Yang Zhao, He Lu, Ren Manli, Lu Yizhou, Meng Huanyu, Yin Dou, Chen Sheng, Zhou Qinming
Department of Neurology, Ruijin Hospital, Shanghai Jiaotong University School of Medicine, Shanghai 200240, China.
Institute of Neurology, Shanghai Jiaotong University, Shanghai 200240, China.
Brain Sci. 2022 Aug 8;12(8):1053. doi: 10.3390/brainsci12081053.
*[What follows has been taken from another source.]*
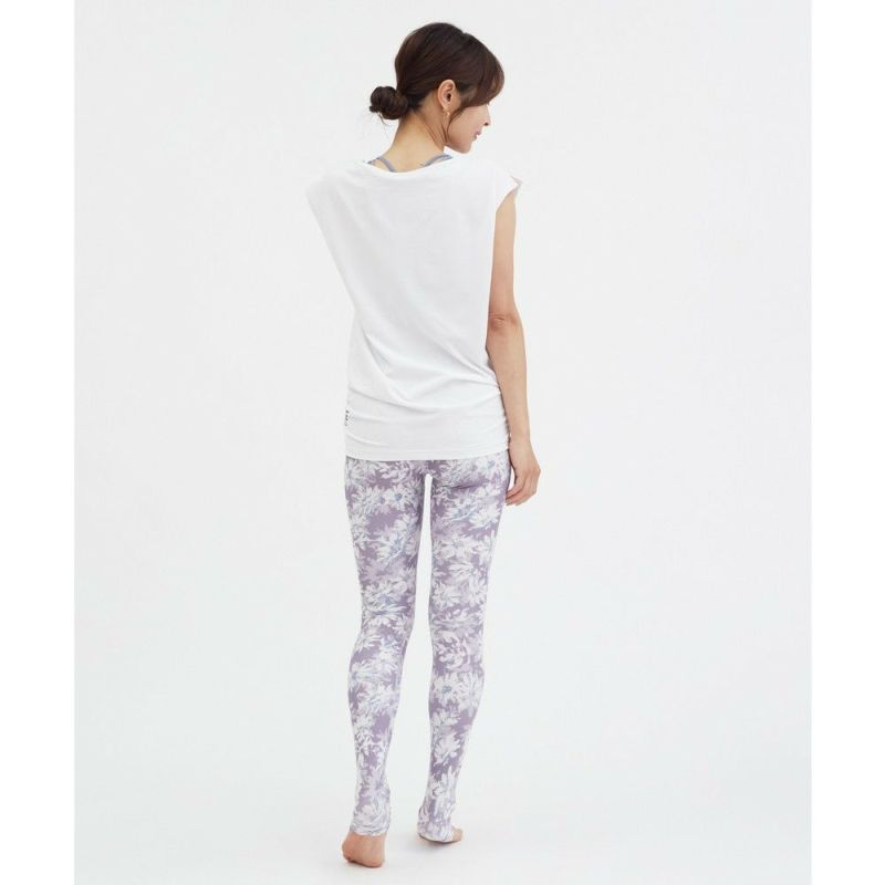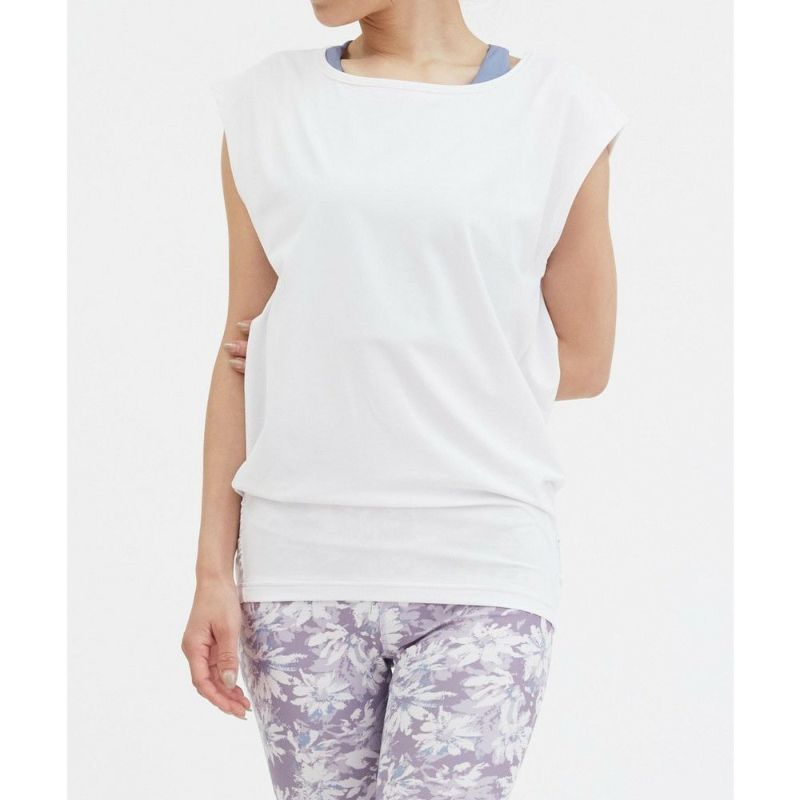腰のフィット感で逆転のポーズも安心、肩のスリットで腕が上げやすい、など細部のディテールを工夫し初めてヨガをする方にも快適に動いてもらえるようなデザインにしています。さらにお尻が隠れる着丈は動いていても安心感があります。

Paraneoplastic amyotrophic lateral sclerosis (ALS) is a rare and special type of ALS. The pathogenesis, clinical presentation, treatment and prognosis remain poorly understood. We herein presented three cases of paraneoplastic ALS. In case 1, we first reported an ALS patient with the positive serum antibodies against both Sry-like high mobility group box 1 (SOX1) and glutamic acid decarboxylase 65 (GAD65). However, immunotherapy did not improve his neurological symptoms. We also reported two ALS patients with renal clear cell carcinoma and chronic myelogenous leukemia. No positive paraneoplastic antibodies were detected in either the serum or the cerebrospinal fluid of the two patients, and their clinical symptoms progressed slowly after tumor treatment. The three cases enriched the existing case pool of this rare disorder. In addition, we have comprehensively reviewed the literature of paraneoplastic ALS. The clinical features, treatment effect and prognosis were summarized to broaden our understanding of paraneoplastic ALS.
副肿瘤性肌萎缩侧索硬化症(ALS)是一种罕见且特殊类型的ALS。其发病机制、临床表现、治疗及预后仍知之甚少。我们在此报告3例副肿瘤性ALS病例。在病例1中,我们首次报道了1例血清抗性别决定区Y盒蛋白1(SOX1)和谷氨酸脱羧酶65(GAD65)抗体均呈阳性的ALS患者。然而,免疫治疗并未改善其神经症状。我们还报告了2例分别患有肾透明细胞癌和慢性粒细胞白血病的ALS患者。这2例患者的血清和脑脊液中均未检测到阳性副肿瘤抗体,且在肿瘤治疗后其临床症状进展缓慢。这3例病例丰富了这种罕见疾病现有的病例库。此外,我们全面回顾了副肿瘤性ALS的文献。总结了其临床特征、治疗效果及预后,以拓宽我们对副肿瘤性ALS的认识。